▶

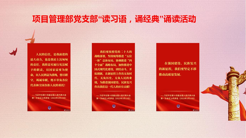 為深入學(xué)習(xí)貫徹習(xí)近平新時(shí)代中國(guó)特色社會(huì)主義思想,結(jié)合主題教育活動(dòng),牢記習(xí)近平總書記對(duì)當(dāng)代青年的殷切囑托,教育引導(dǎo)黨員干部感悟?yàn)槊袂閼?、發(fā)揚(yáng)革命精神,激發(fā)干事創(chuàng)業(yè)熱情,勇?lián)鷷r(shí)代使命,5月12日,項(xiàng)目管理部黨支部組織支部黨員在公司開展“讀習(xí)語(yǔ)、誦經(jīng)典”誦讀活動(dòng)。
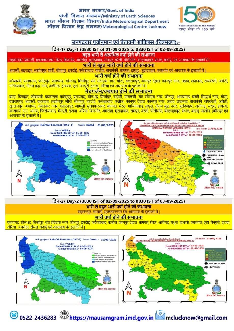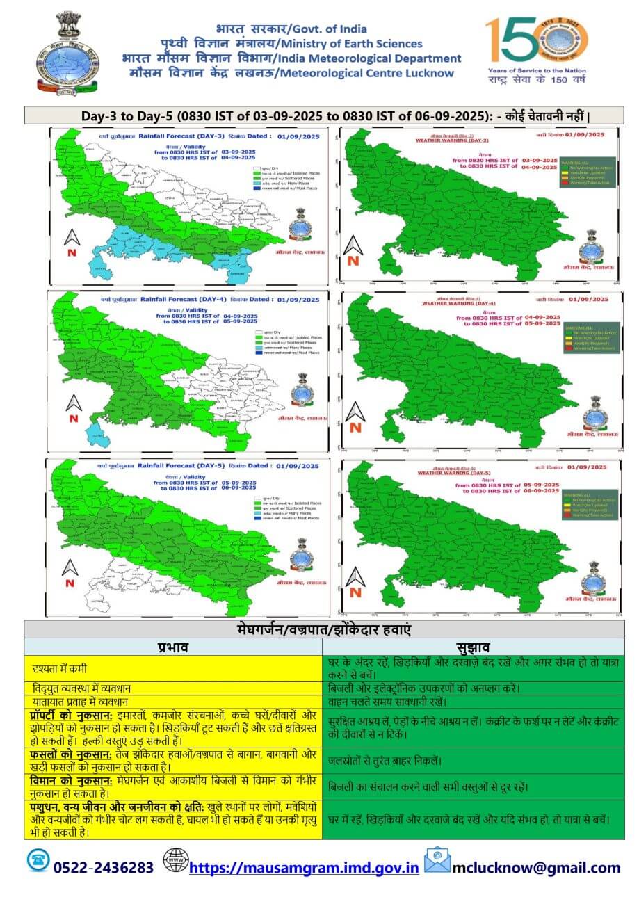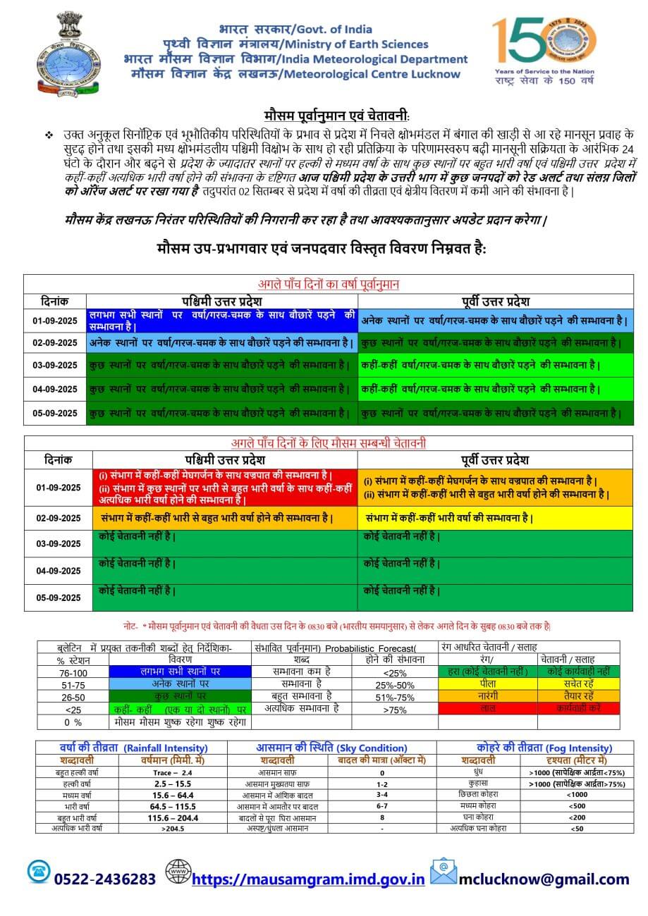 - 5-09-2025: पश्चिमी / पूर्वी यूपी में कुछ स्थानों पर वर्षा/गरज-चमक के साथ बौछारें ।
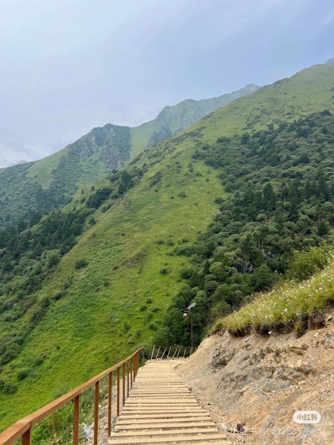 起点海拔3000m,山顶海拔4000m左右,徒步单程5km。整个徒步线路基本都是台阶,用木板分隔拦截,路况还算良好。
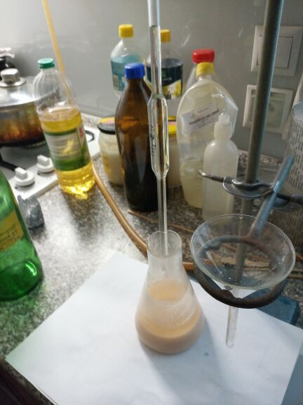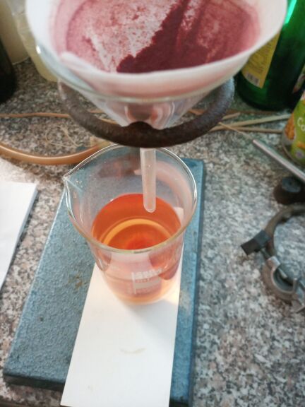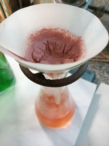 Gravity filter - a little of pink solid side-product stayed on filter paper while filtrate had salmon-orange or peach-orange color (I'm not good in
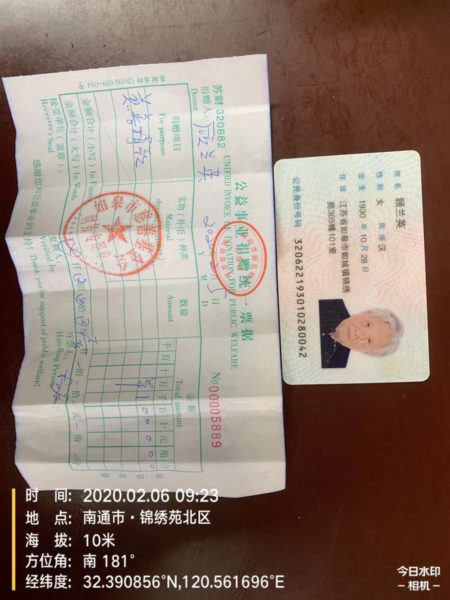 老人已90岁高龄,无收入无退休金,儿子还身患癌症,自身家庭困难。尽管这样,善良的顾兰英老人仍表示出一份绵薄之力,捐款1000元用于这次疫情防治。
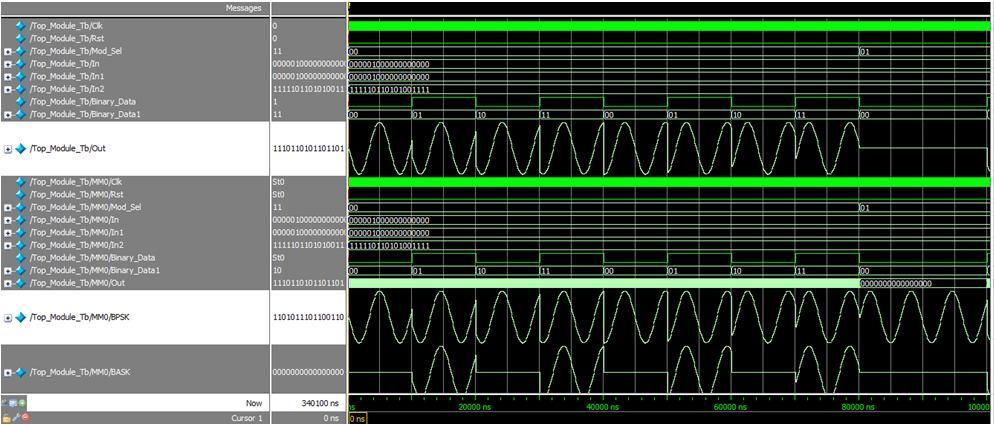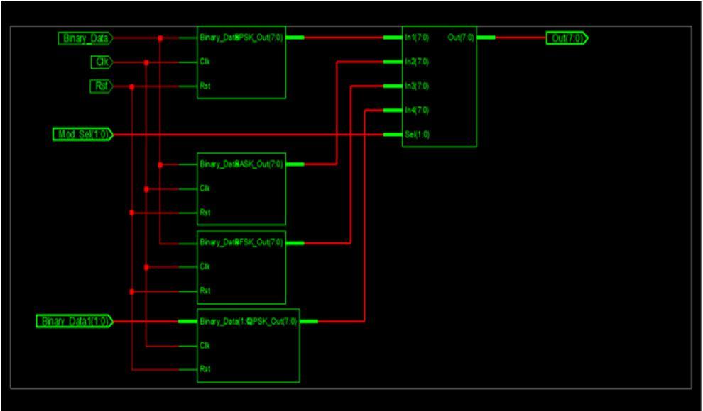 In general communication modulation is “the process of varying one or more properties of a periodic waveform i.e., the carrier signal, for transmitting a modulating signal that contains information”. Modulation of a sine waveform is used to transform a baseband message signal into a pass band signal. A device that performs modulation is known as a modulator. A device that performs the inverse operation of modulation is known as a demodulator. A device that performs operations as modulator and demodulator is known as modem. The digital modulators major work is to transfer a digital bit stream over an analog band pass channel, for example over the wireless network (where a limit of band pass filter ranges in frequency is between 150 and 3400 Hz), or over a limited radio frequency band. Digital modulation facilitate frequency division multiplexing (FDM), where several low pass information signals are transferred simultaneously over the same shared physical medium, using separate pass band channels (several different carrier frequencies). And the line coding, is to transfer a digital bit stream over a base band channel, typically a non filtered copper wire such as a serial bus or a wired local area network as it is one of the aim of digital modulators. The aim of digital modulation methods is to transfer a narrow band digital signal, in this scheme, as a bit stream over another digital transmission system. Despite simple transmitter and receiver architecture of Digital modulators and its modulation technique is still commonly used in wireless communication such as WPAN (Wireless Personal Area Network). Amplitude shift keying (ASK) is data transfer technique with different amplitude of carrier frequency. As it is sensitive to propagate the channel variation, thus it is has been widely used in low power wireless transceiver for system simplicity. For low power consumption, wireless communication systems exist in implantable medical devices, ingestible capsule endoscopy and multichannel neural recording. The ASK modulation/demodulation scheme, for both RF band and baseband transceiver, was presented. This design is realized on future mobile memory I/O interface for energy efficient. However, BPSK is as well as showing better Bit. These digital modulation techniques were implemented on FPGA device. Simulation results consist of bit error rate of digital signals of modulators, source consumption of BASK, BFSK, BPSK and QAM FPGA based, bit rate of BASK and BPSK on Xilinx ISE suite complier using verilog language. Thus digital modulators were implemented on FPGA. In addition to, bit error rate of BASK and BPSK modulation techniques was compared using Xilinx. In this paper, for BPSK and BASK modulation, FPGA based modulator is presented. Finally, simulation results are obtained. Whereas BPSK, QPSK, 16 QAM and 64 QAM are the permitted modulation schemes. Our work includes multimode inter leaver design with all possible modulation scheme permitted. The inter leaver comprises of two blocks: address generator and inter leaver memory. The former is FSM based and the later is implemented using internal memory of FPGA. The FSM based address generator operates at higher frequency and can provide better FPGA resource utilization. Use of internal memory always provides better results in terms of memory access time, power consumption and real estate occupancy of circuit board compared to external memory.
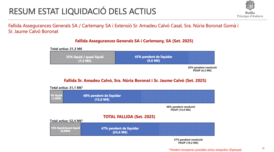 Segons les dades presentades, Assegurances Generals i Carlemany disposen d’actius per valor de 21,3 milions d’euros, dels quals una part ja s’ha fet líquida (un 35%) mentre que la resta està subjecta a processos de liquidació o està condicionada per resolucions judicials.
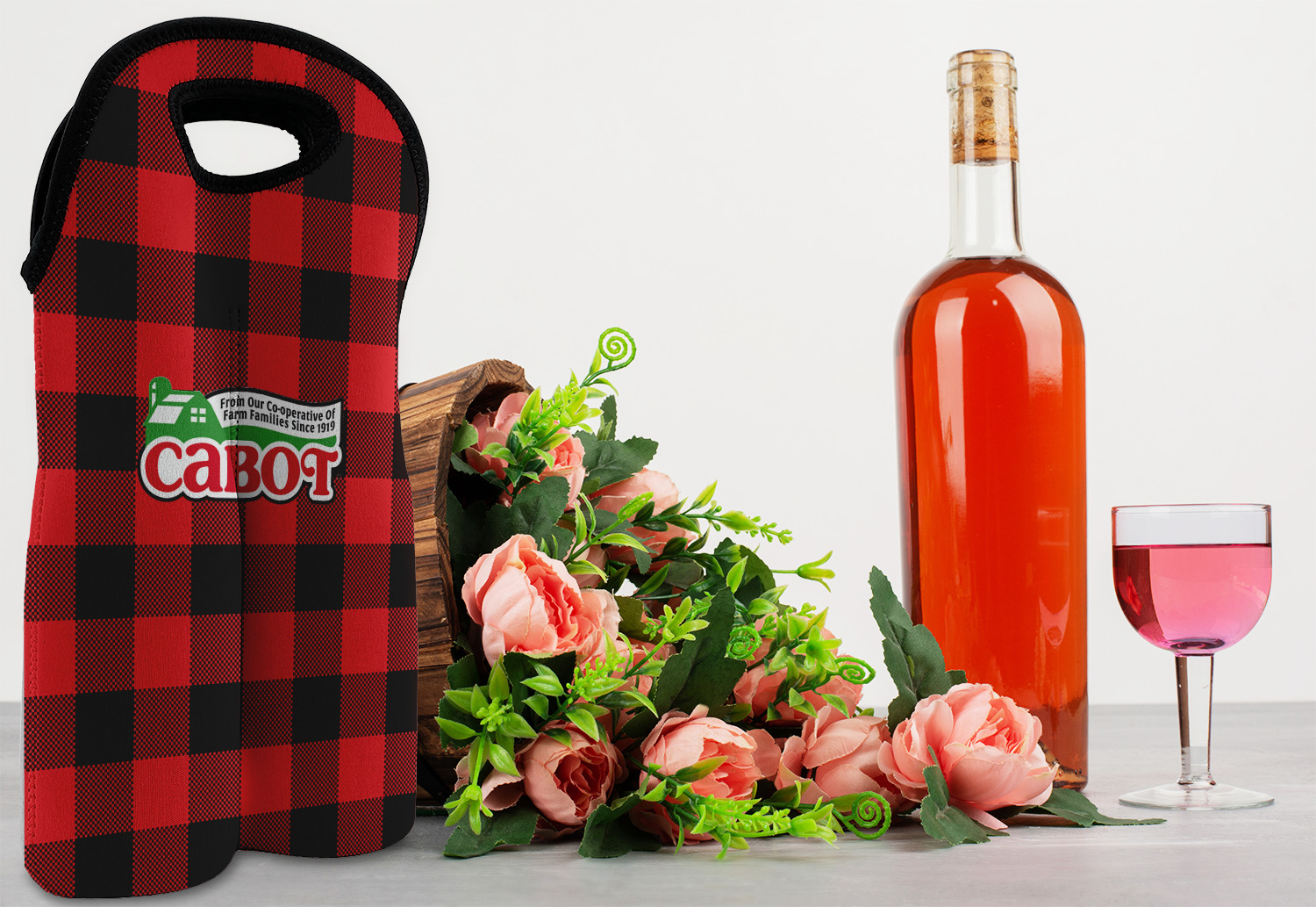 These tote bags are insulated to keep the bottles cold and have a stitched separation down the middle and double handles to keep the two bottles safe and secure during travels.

◀

About this task. Look at the listing and set down only the lines from its start through the line with "老人已90岁高龄,无收入无退", word for word and without pictures.

Answer below.
 為深入學(xué)習(xí)貫徹習(xí)近平新時(shí)代中國(guó)特色社會(huì)主義思想,結(jié)合主題教育活動(dòng),牢記習(xí)近平總書記對(duì)當(dāng)代青年的殷切囑托,教育引導(dǎo)黨員干部感悟?yàn)槊袂閼?、發(fā)揚(yáng)革命精神,激發(fā)干事創(chuàng)業(yè)熱情,勇?lián)鷷r(shí)代使命,5月12日,項(xiàng)目管理部黨支部組織支部黨員在公司開展“讀習(xí)語(yǔ)、誦經(jīng)典”誦讀活動(dòng)。
 - 5-09-2025: पश्चिमी / पूर्वी यूपी में कुछ स्थानों पर वर्षा/गरज-चमक के साथ बौछारें ।
 起点海拔3000m,山顶海拔4000m左右,徒步单程5km。整个徒步线路基本都是台阶,用木板分隔拦截,路况还算良好。
 Gravity filter - a little of pink solid side-product stayed on filter paper while filtrate had salmon-orange or peach-orange color (I'm not good in
 老人已90岁高龄,无收入无退休金,儿子还身患癌症,自身家庭困难。尽管这样,善良的顾兰英老人仍表示出一份绵薄之力,捐款1000元用于这次疫情防治。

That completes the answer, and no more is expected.